If you're like me, you're reading this and immediately thinking of someone who's suffered serious burns and what that must be like. And if you are really like me, you surely can't imagine that.

Physical pain slips as surely from our imagination as it does from our memory.

And thank god for that; otherwise, we'd be crippled by fear of pain before we reached the age of 10.

Since I'm not (too) worried about getting hurt on the pitch, despite currently still suffering some significant discomfort, I have every intention of heading out to to do battle again this afternoon, even if I have to limp on to the field to do it. (Once the adrenaline starts to flow, the pain will be forgotten for the duration, the plaints of my regenerating dermis drowned out by the thrill of the game.

Post-script, completely self-serving


Young Geoffrey, super-star (of sorts)

And speaking of the Beautiful Game itself, last fall saw me experience a joy I never had before: being part of a winning team.
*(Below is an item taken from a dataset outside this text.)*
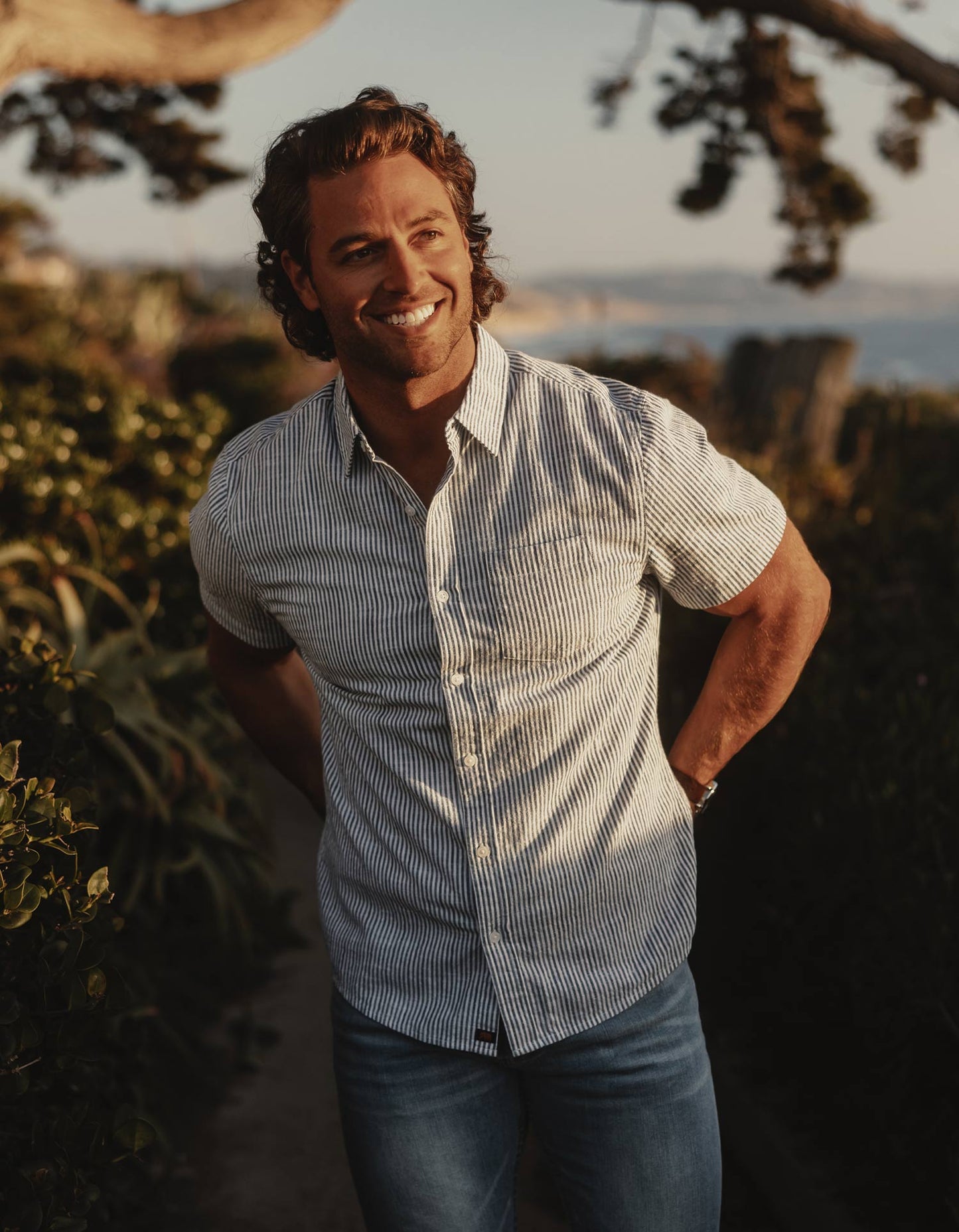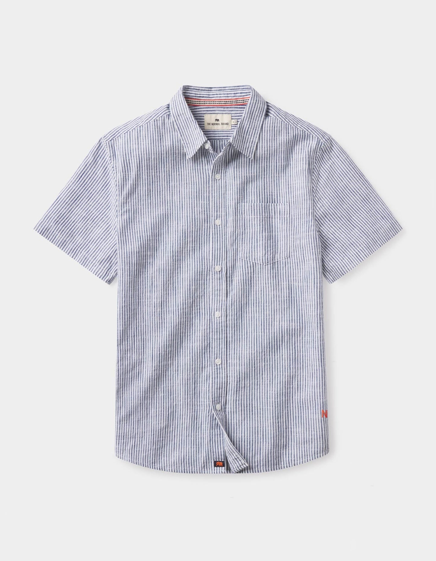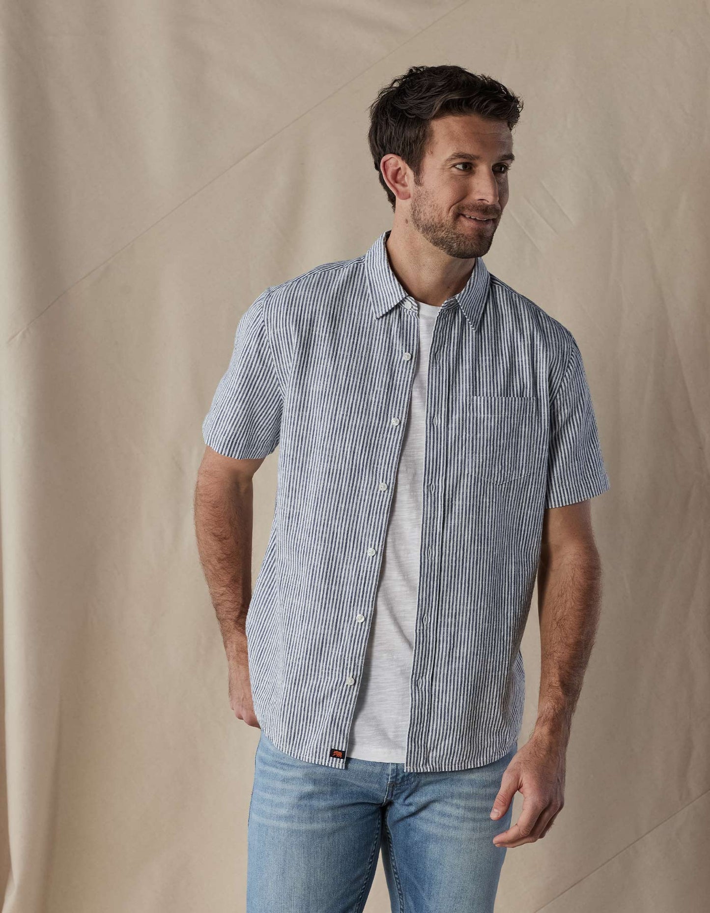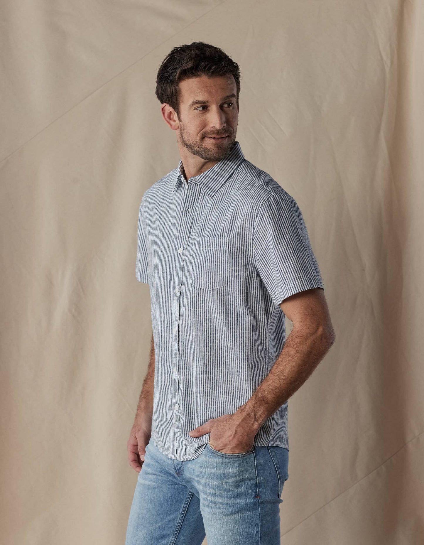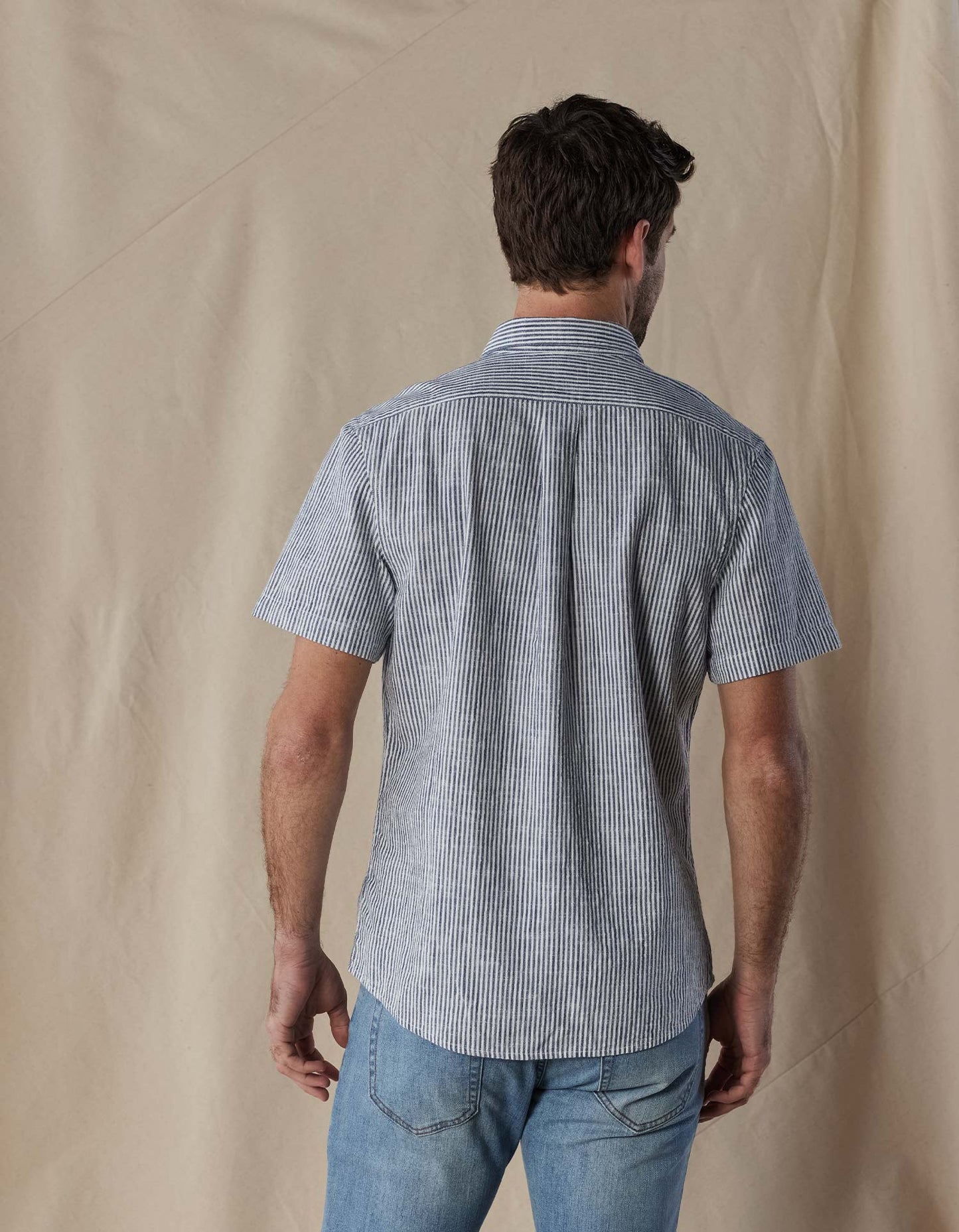 Lived-In Cotton Short Sleeve Button Up in Navy Railroad Stripe

I had meant to post about it at the time, but waited for a team picture to arrive in my email — which it never did. Apparently no one ever got it, which I think a damned shame.

Over the course of a brief, 11-game schedule, Jade Inferno FC, which started as a group of randomly-assigned players (most — ahem — in their 20s and early 30s; yes, I'm proud. Actually, I am fucking thrilled that I am able to more or less keep up) slowly became a team.

By season's end we ranked in the middle of the pack but smoked our opponents in the first round of the playoffs. And suddenly we found ourselves playing a semi-final match, against a team that had beaten us twice during the season.

That game started poorly; our opponents scored 2 points before I even had a chance to take the field. But by the end of the first half, we were tied; and, after falling behind again in the second half, we tied the game again and took the lead for good with but a couple of minutes to go.

We fell upon each othe like mad people, giddy with the surprising pleasure of having ... well, not yet won but of way over-achieving.

Ladies and gentlemen, it was an awesome feeling.

And one not much deminished by the fact that we were smoked in the championship game, which ended with a score of something like 6-1 little more than an hour later. Silver really did feel like a victory.

My current team is not made of the same stuff. We're now 0-7, I think, with only 3 goals to our name. But that's okay. Winning is more fun, but simply playing is fun enough.